Strengths. Geographical and natural potential: PNG is the third largest island country in the world with some of the best biological resources (fish, gold, copper, oil, forest, thousands of rivers) and unique nature (coral reefs, mountains, volcanoes, forests, national parks). Cultural, ethnolinguistic and anthropological diversity: More than 850 languages, 5,000 clans, unique rituals, holidays, intangible heritage; contribution to the world agrarian heritage, high level of local self-government and traditional practices.

Agriculture and food autonomy: 85-90% of the population is engaged in self-sufficient agriculture; basic food security is high. Resource and foreign trade independence: A major exporter of LNG, fish, gold, and copper with a positive balance of payments, an independent central bank, and an autonomous credit policy (PGK).

Sustainability through international cooperation: Strong strategic ties with Australia, the USA, Japan, the status of an active member of the United Nations, the Commonwealth, APEC; new defense agreements strengthen territorial security and external support.

Weaknesses. Institutional and political vulnerability: The Indices of Political stability and Effectiveness of Management Institutions (WGI) are significantly lower than average values; high levels of corruption, poorly developed control over law enforcement agencies.

Low level of education and literacy: HDI — 0.576 (lower average); literacy — only 63.4% (2023), the lowest in Oceania; low enrollment in higher education, non-participation in PISA, the main focus on mining and agricultural specialties.

Technological backwardness: R&D <0.05% of GDP, almost complete import dependence on high-tech and ICT (97-99% of technologies, networks, programs are purchased outside the country), even basic digitalization covers no more than 18% of public services, Internet penetration 24-28%.

Weak military power and defense independence: 0.31% of GDP for defense (one of the smallest in the world), armed forces — 3,500–4,000 without reserves, lack of its own military-industrial complex, all modernization and even border management - under external agreements. Economic and social inequality: 85% live in rural areas without access to basic services; rapid population growth with limited health care and infrastructure, frequent unrest and high crime.
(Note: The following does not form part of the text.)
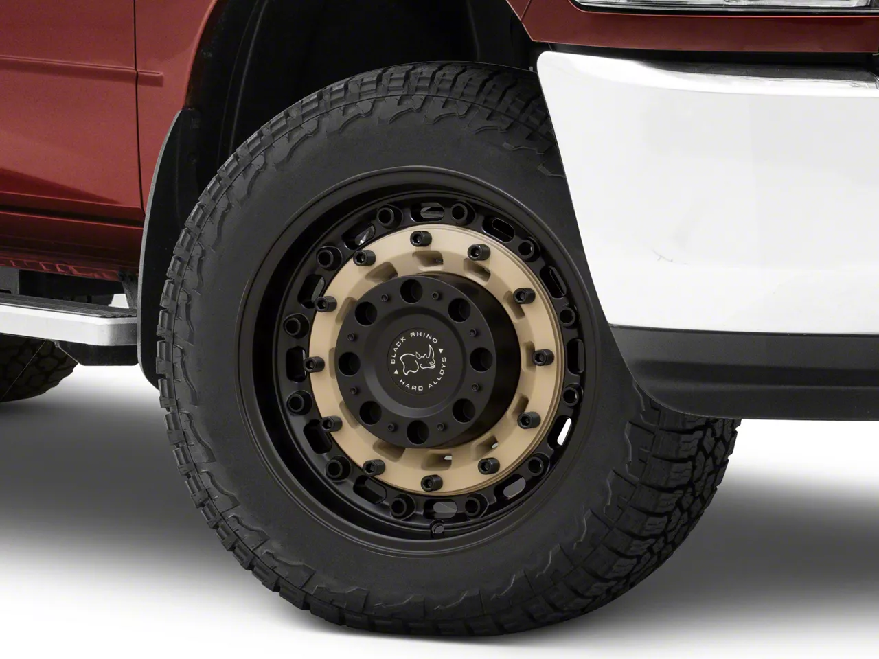 Application. This Black Rhino Arsenal Sand on Black 8-Lug Wheel; 20x12; -44mm Offset with a backspace of 4.768 Inch, 121.2mm and bolt pattern of 8 x 165.1mm (8 x 6.5-Inch) ensures optimal alignment, unparalleled driving stability, and an impeccable fit with your vehicle. It is designed to fit the 2010-2018 RAM 2500 models. Sold individually.

Legal and digital risks: The law on personal data protection is only in preparation, control over the digital environment is weak, and cybersecurity is one of the lowest in the Asia-Pacific region.

Overall assessment. The cumulative sovereignty Index of Papua New Guinea is 293.3 out of 700 possible points (below the average of 41.9%), which places the country in the top 200 in the world. Papua New Guinea is a country with a unique heritage, resource “strength” and undeniable ethno-cultural significance, but with objective institutional, technological and social instability.

The prospects depend on governance reforms, the growth of real education and technological modernization, increased control and protection of sovereign resources, and effective reliance on external partnerships in defense, energy, education, and the digital sphere.

The sovereignty profile indicates that Papua New Guinea is an extremely unique example of “natural resource” and “ethno-cultural” sovereignty with structurally limited institutional, digital, technological and defense autonomy.

Formal legal and economic regulation remains within the national framework, but real strategic sustainability depends entirely on resource control, competent integration with external allies, and the ability to break out of technological dependence while preserving traditional identities and community solidarity.